Caring for My Pet Following My Death or Incapacity

When a pet owner passes, it is not always clear what will happen to the owner’s pet. This is especially true if there are no instructions left for the decedent’s personal representative or trustee concerning the health, maintenance, shelter and feeding of the abandoned animal. However, careful planning prior to ones death can reduce this concern.

In almost all situations, a pet is considered one of the family. However, under common law, a pet is considered personal property of the owner such as furniture, automobiles or tools. Unlike furniture, the pet is a living thing requiring feeding, maintenance and shelter to protect it during its remaining life. The question becomes how can a pet be cared for and who is going to pay for its feeding and maintenance once its owner is deceased or incapacitated.

Because a pet is not person, it has no means of collecting a devise from a Will and taking such devise to a financial institution for investment purposes. As a result, the pet requires a person or entity to perform this function for it. The requirement for a person or entity to open a bank account for the pet means that the person or entity act as a trustee for the benefit of the pet. Remember that a trustee is a person or entity that holds legal title to property for the benefit of another and who may be charged with specific duties to manage that property. Thus, a trustee can be given the power and authority to protect an owner’s pet following their death or incapacity.

This author often gets questions about whether a personal representative could act in the same manner as a trustee. Remember that a personal representative is a person or entity who manages the affairs of a decedent by marshalling their assets, paying debts and distributing the decedent’s assets following death. A personal representative is generally not charged with the specific duty to manage the care and feeding of a pet for its remaining life. To manage the care and feeding of a decedent’s pet for life, a trustee is the best solution.

What can you do to ensure that your pet is taken care of?

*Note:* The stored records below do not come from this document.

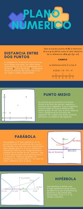 El documento presenta una explicación sobre conceptos geométricos como el punto medio, parábola, hipérbola y elipse, describiendo sus propiedades y definiciones. También se menciona la distancia entre puntos y los sistemas de ecuaciones algebraicas en matemáticas. Se incluyen ejemplos gráficos para ilustrar cada concepto expuesto.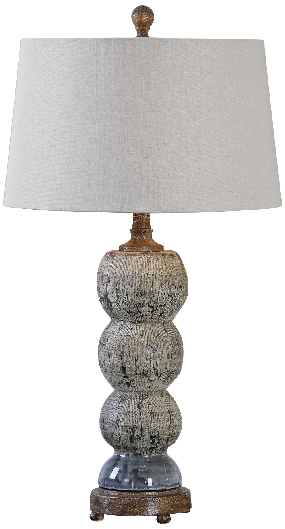 The mottled, light blue gray glass base and ivory linen shade of the uttermost 27076 celinda table lamp makes a welcome addition to any room. Find the right lamp for you today! 4.7 out of 5 stars 20. Bedroom, dining room, living room. This color combo does provide not only a calm atmosphere in the room but also elegant look at the same time.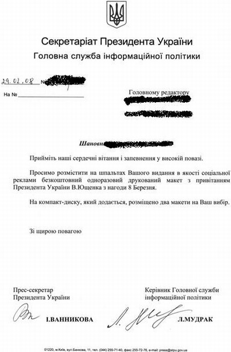 Секретаріат президента звернувся до низки друкованих ЗМІ з проханням опублікувати привітання президента Віктора Ющенка з 8 березня безкоштовно на правах соціальної реклами.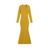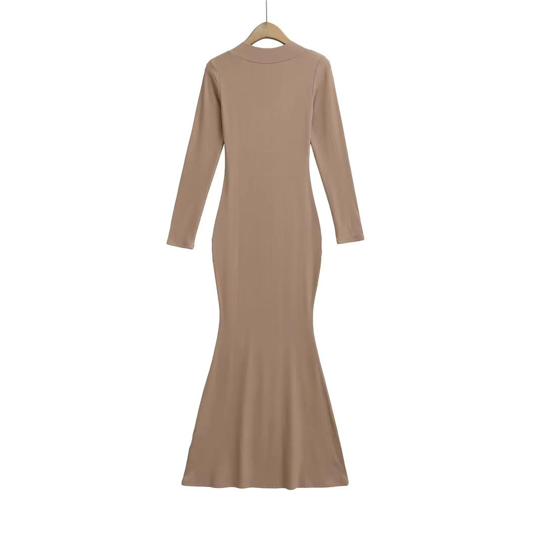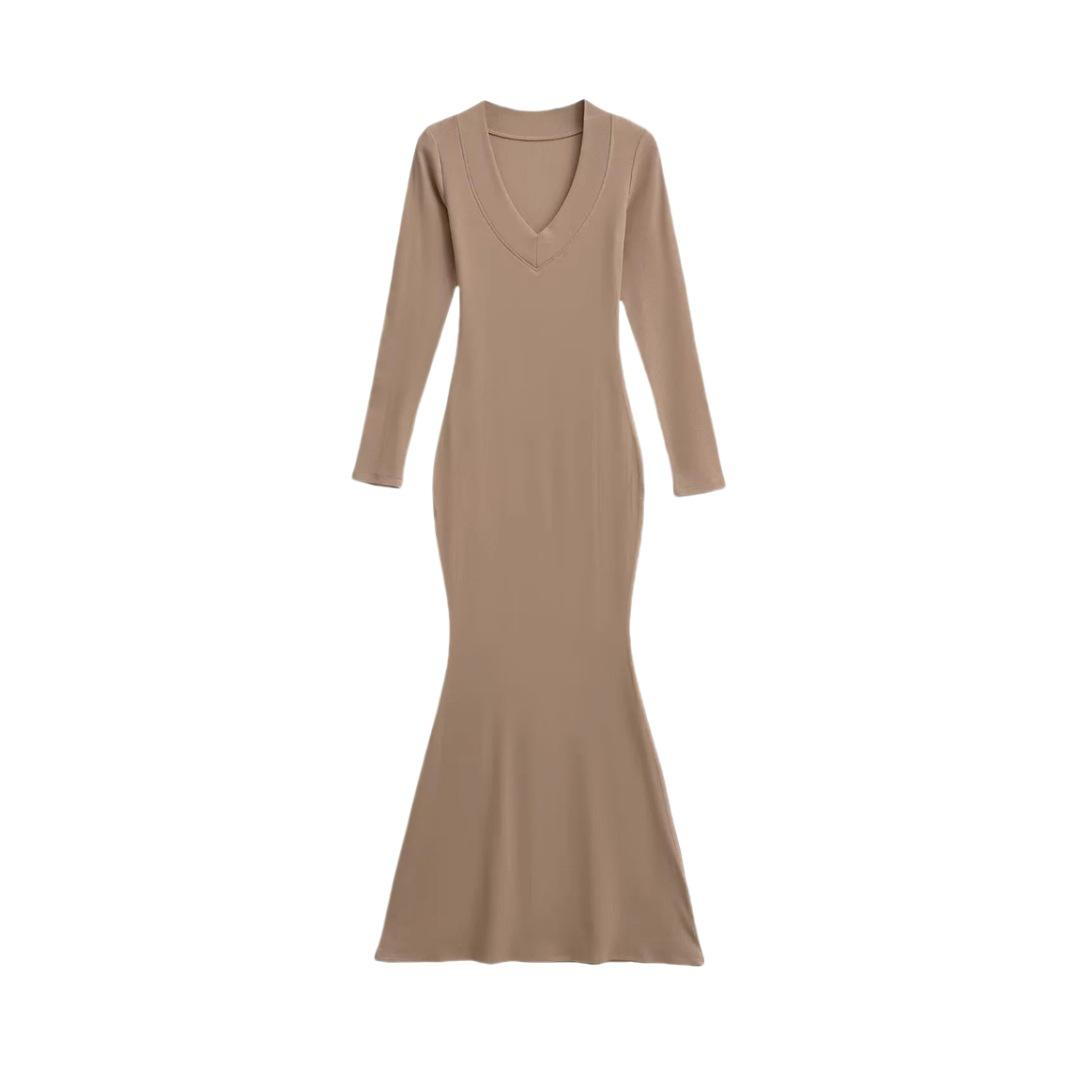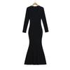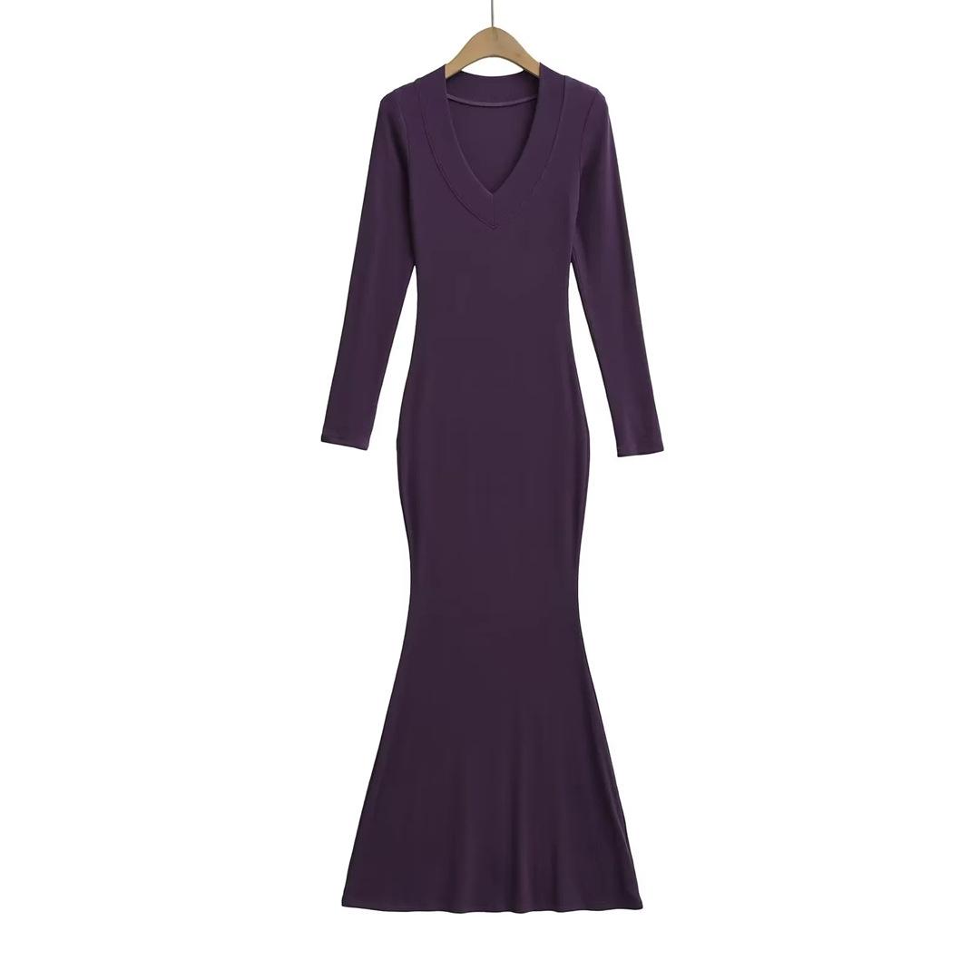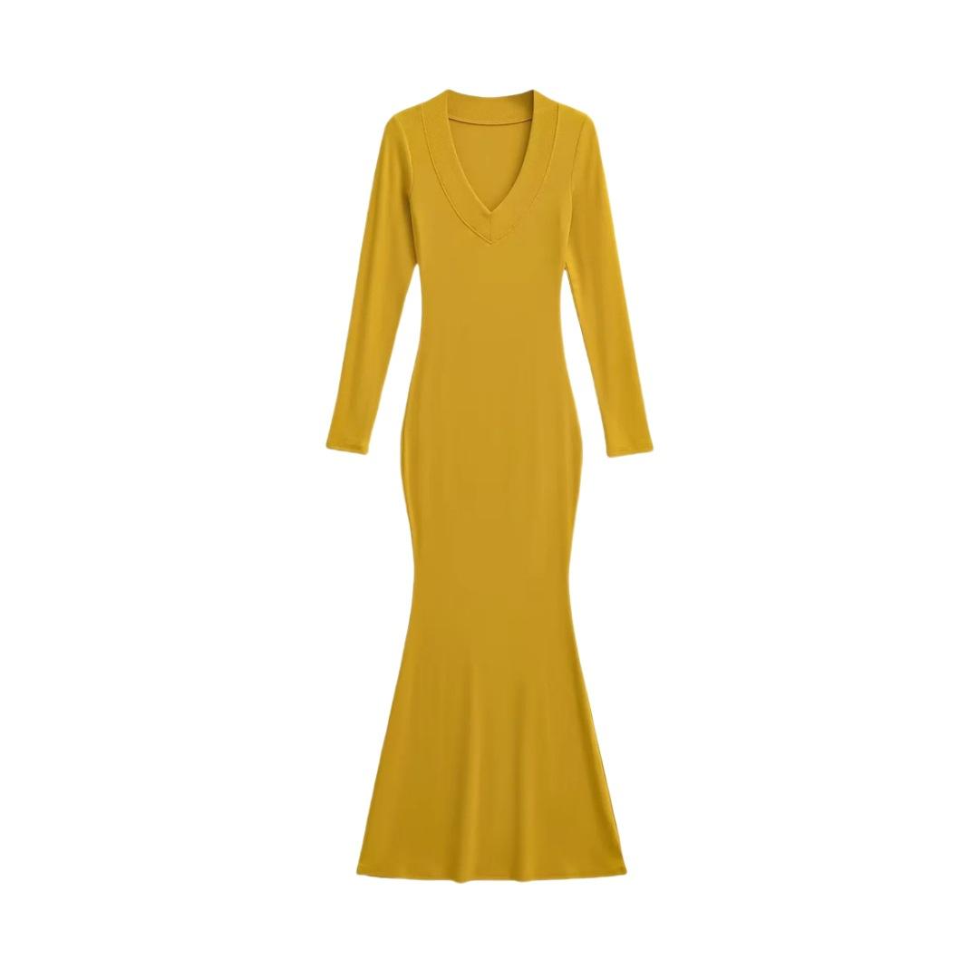 Vestido de Manga Larga Sexy para Chica Caliente de Color Sólido con Cuello en V Profundo para Mujer Europeo y Americano Retro Ajustado Ceñido a la Cintura con Caderas Envolventes Vestido Largo de Cola de Pez

In Florida, the only means of making certain that your pet will be cared for is to have a trust prepared in advance of your death. The trust would need to be specific to the animal through either Testamentary Trust or general trust instrument.

A Testamentary Trust is one that is created within a Will and comes into existence following the death of the Testator. Generally, the Trustee of a Testamentary Trust will receive a fixed amount of funds after a person’s death to be used for the health, care, safety and feeding of an owner’s pet; but, only after the Testator’s death. The Trustee will take possession of funds and be directed to use such funds for the pet’s shelter and care during it’s remaining life. Those duties can be split between a trustee of the funds and a caretaker who will provide the services necessary to care for the decedent’s pet.

What happens if you become incapacitated during life? A Testamentary Trust may not be your best alternative in the event of incapacity. Should this happen, another means of making certain that your pet is cared for is to prepare a Trust instrument. A Trust can be used to make certain that your pet is cared for in the event you are unable to manage your pet due to incapacity caused by dementia, stroke or other life altering events. In such instances, your successor Trustee can take control of your pet and utilize the assets titled in the name of your Trust for the use and care of your pet.

The consequences of failing to institute a means to care for your pet during your life and following death may cause your pet to be delivered to others who may not care or love it in the same manner as you. Although this should not happen, it sometimes does causing the pet to eventually be abandoned or worse, mistreated.

If you are concerned about how your pet will be cared for following your death or incapacity, contact the attorney of your choice and discuss the options that are available to you. Remember that your pet cannot speak for itself and needs a voice to protect it in the event of your death or incapacity. By planning ahead, you can avoid later issues and moments of anxiety for you and your pet.

The above information is not to be construed as advice creating an attorney client relationship. This article is for general information purposes only.